Work request ▸
Once you reach the line with "En el complemento, Argentina" in the material below, copy each line exactly up to and including the line with "在《卧虎藏龙贰》中有游山玩水", and skip the pictures.

##### Study material

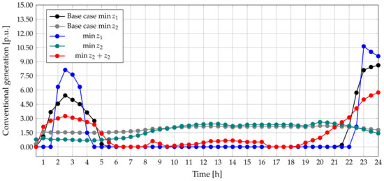 - When the objective function is the linear combination of and , i.e., , the objective function is COP$/day 1,282,580.07; this implies an increment regarding the base of the case of the energy purchase about COP$/day 11,857.37 per day of operation. In the case of daily energy losses reduction, the linear combination reaches a reduction of COP$/day 711,772.85 per day of operation.
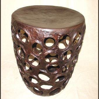 Bronze Nest Table Hand cast and finished stool/side table with an irregular burnout like appearance. Rustic textured surface. 14 1/2" diameter x 17 1/2"h
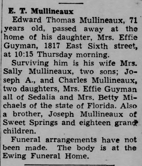 - [S243] U.S. Federal Census 1920 U.S. Federal Census, by Ancestry.com, Year: 1920;Census Place: Sedalia Ward 4, Pettis, Missouri; Roll T625_940; Page: 7B; Enumeration District: 155; Image: 442.
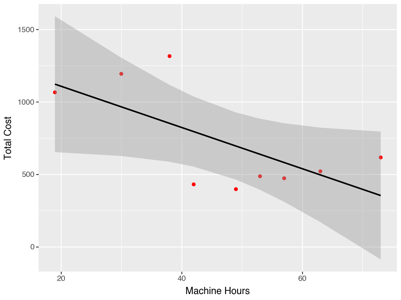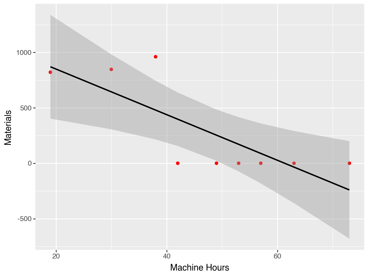 (pn.ggplot( p2df, # dataset pn.aes(x='Machine Hours', y='Materials')) # axis + pn.geom_point(colour="red") # plot the data+ pn.stat_smooth(method='ols') # plot the trend)
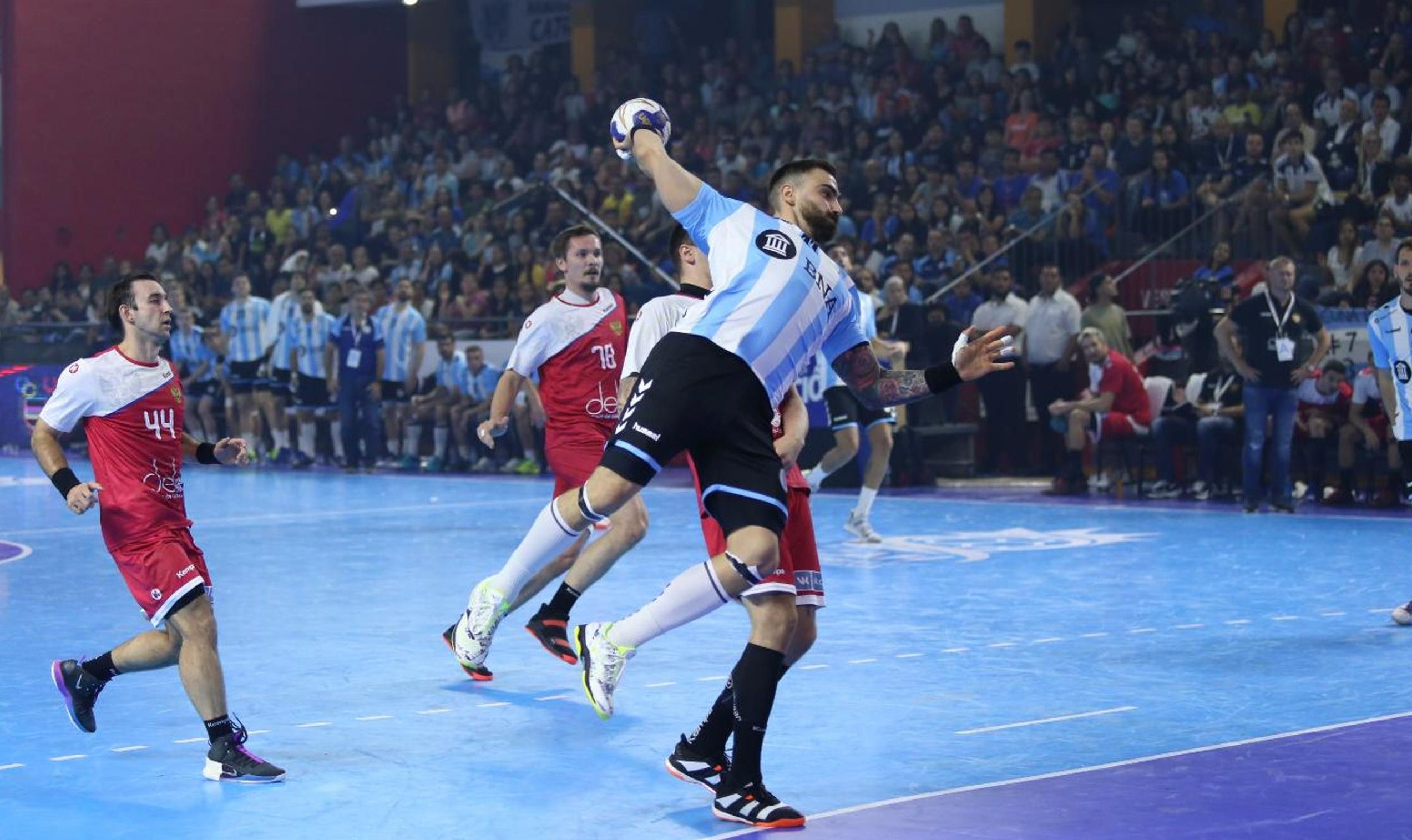 En el complemento, Argentina buscó mantener la pelota y tras un inicio adverso (11-14), logró empatar en 14. Pero Rusia volvió a ser el equipo efectivo y sin errores a la hora de marcar, se despegó 18-15. Entonces vino lo mejor de Los Gladiadores y con una buena contra y los reflejos del ingresado Leo Maciel, fueron descontando hasta ponerse 18-18 y luego pasar al frente 21-18, para hacer explotar las tribunas de emoción.
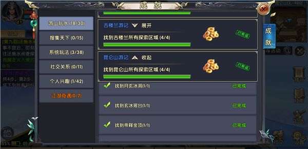 在《卧虎藏龙贰》中有游山玩水这么一个成就,可以说是整个游戏中最麻烦也是最有趣的成就。麻烦是因为该成就由七大部分成就组成,要想完成这七大小成就,你就必须跑遍游戏地图中的每一处角落。有趣是因为在完成成就的同时你能将游戏中的风景包揽无余。接下来将会向大家介绍游山玩水成就中的昆仑山游记部分如何达成。
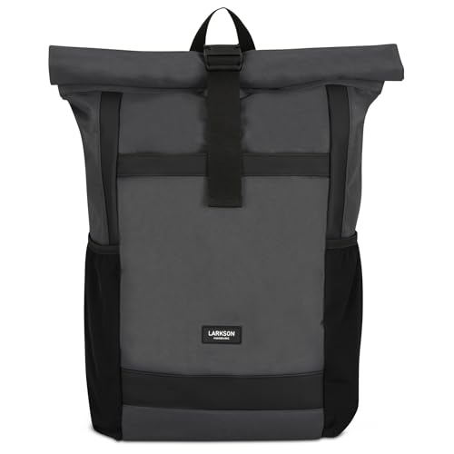 Larkson Sac à Dos Roll Top Femmes & Hommes Gris - No 2 - Backpack pour l'École, l'Université - Compartiment Ordinateur Portable 16 Pouces - Hydrofuge

##########

Expected output ▸
 En el complemento, Argentina buscó mantener la pelota y tras un inicio adverso (11-14), logró empatar en 14. Pero Rusia volvió a ser el equipo efectivo y sin errores a la hora de marcar, se despegó 18-15. Entonces vino lo mejor de Los Gladiadores y con una buena contra y los reflejos del ingresado Leo Maciel, fueron descontando hasta ponerse 18-18 y luego pasar al frente 21-18, para hacer explotar las tribunas de emoción.
 在《卧虎藏龙贰》中有游山玩水这么一个成就,可以说是整个游戏中最麻烦也是最有趣的成就。麻烦是因为该成就由七大部分成就组成,要想完成这七大小成就,你就必须跑遍游戏地图中的每一处角落。有趣是因为在完成成就的同时你能将游戏中的风景包揽无余。接下来将会向大家介绍游山玩水成就中的昆仑山游记部分如何达成。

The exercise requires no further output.